"""

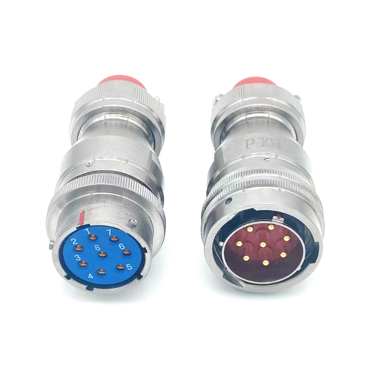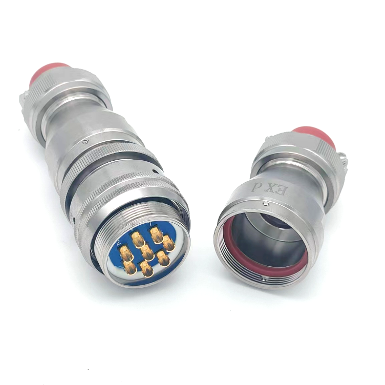 FB.EXd-1808ZJ11圓形對(duì)接式防爆電連接器,體積小,不銹鋼材料,質(zhì)地堅(jiān)硬,耐高溫,防碰抗摔。接觸件8p,2.5mm直徑,額定電流25A,額定電壓1500V.插座有三種形式:方法蘭固定式,方法蘭移動(dòng)式,圓形法蘭對(duì)接式。用處不同:方法蘭式固定在面板上,基本不改變位置。移動(dòng)式與其相反,插座固定在移動(dòng)支架上,哪里需要哪里使用。對(duì)接式連接電纜,兩頭連接在移動(dòng)設(shè)備,隨時(shí)隨地連接使用。防爆電連接器每個(gè)鏈接處有密封設(shè)計(jì),防水防爆。插頭與插座有卡扣連接,螺紋連接,客戶(hù)根據(jù)喜好選用。端接形式有焊接式和壓接式。
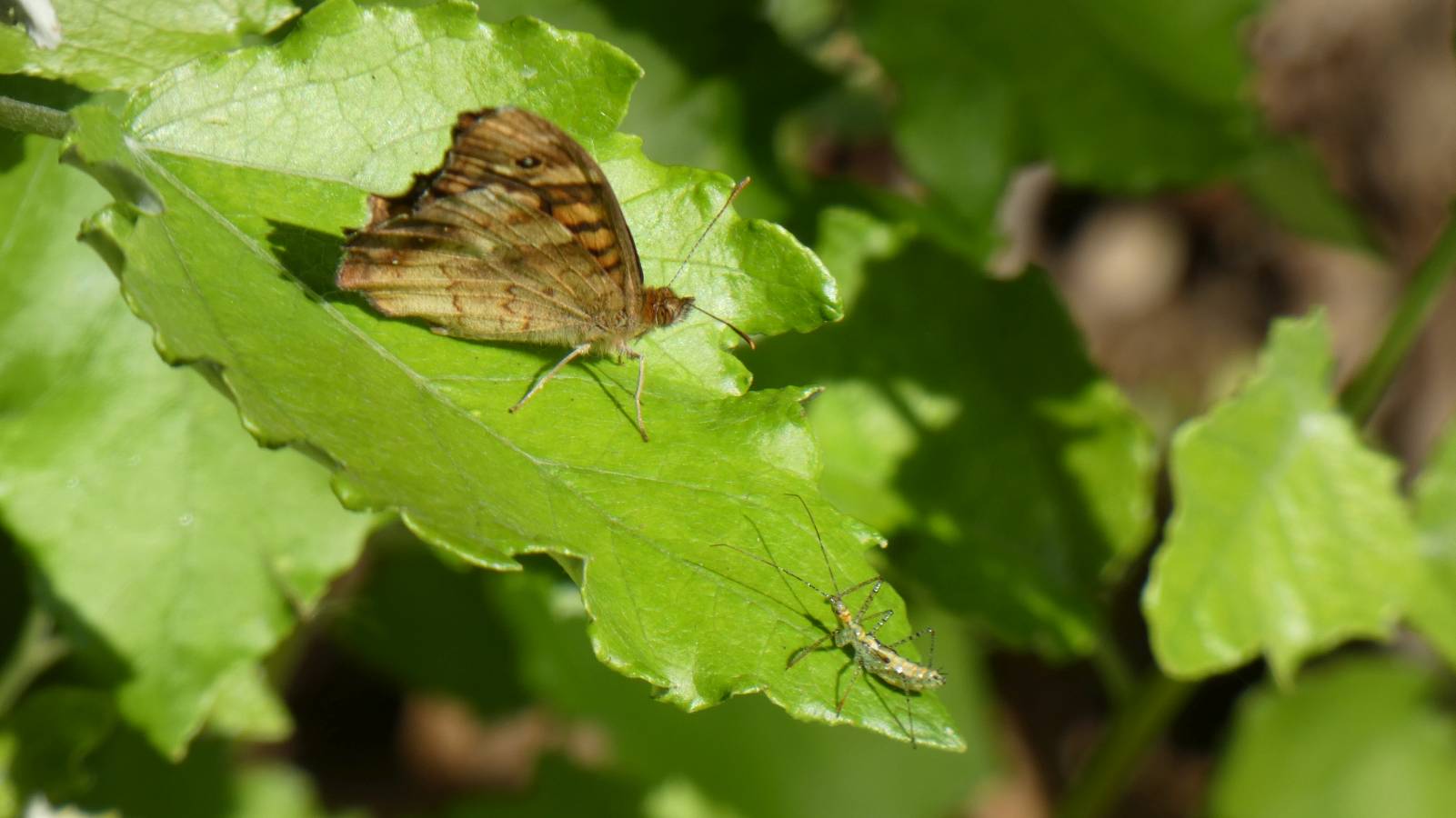 Ich wollte eigentlich den Schmetterling fotografieren, aber der kleine Geselle hat sich mit auf's Bild geschmuggelt
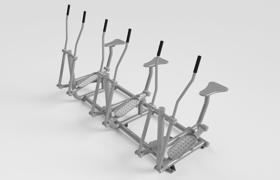 Fabricado com tubos de aço carbono de no mínimo 2 ½" x 2 mm. 2” x 2 mm. 1" ½ x 2 mm. 1" x 1,5 mm. Tubo de aço carbono trefilado 1”1/4’ x 3,56 mm schedule 40 (42,3 x 35,18 mm). 2” x 5,54 mm schedule 80 (60,3 x 49,22 mm). Metalão de no mínimo 30 x 50 x 2 mm. chapas de aço carbono de no mínimo 9,53 mm. 4,75 mm. 3 mm. pisantes fabricados em chapa de aço carbono de no mínimo 2 mm estampado, com cantos arredondados, assento fabricado em chapa de aço carbono de no mínimo 240 x 340 x 2 mm estampado, com cantos arredondados, tampas de aço carbono de 2 mm estampadas para proteção dos rolamentos. Utiliza eixos maciços, com rolamentos duplos, pintura a pó eletrostática poliéster, tampas em metal externas, solda mig, acabamento emborrachado. Permite a utilização de 3 (três) usuários simultâneos e oferece total segurança. Instalação em áreas fechadas ou ao ar livre, resistente às ações climáticas. Fixação do aparelho ao solo através de chumbador parabolt. Adesivo de identificação do produto, músculos exercitados e dicas para uso e funções do aparelho, dados do fabricante e contato para assistência técnica.

"""

* _PROBLEM DESCRIPTION_
Reproduce word for word the lines from the one containing "Ich wollte eigentlich" through the end of the data, both ends kept. Drop the pictures.

* _EXERCISE RESULT_
 Ich wollte eigentlich den Schmetterling fotografieren, aber der kleine Geselle hat sich mit auf's Bild geschmuggelt
 Fabricado com tubos de aço carbono de no mínimo 2 ½" x 2 mm. 2” x 2 mm. 1" ½ x 2 mm. 1" x 1,5 mm. Tubo de aço carbono trefilado 1”1/4’ x 3,56 mm schedule 40 (42,3 x 35,18 mm). 2” x 5,54 mm schedule 80 (60,3 x 49,22 mm). Metalão de no mínimo 30 x 50 x 2 mm. chapas de aço carbono de no mínimo 9,53 mm. 4,75 mm. 3 mm. pisantes fabricados em chapa de aço carbono de no mínimo 2 mm estampado, com cantos arredondados, assento fabricado em chapa de aço carbono de no mínimo 240 x 340 x 2 mm estampado, com cantos arredondados, tampas de aço carbono de 2 mm estampadas para proteção dos rolamentos. Utiliza eixos maciços, com rolamentos duplos, pintura a pó eletrostática poliéster, tampas em metal externas, solda mig, acabamento emborrachado. Permite a utilização de 3 (três) usuários simultâneos e oferece total segurança. Instalação em áreas fechadas ou ao ar livre, resistente às ações climáticas. Fixação do aparelho ao solo através de chumbador parabolt. Adesivo de identificação do produto, músculos exercitados e dicas para uso e funções do aparelho, dados do fabricante e contato para assistência técnica.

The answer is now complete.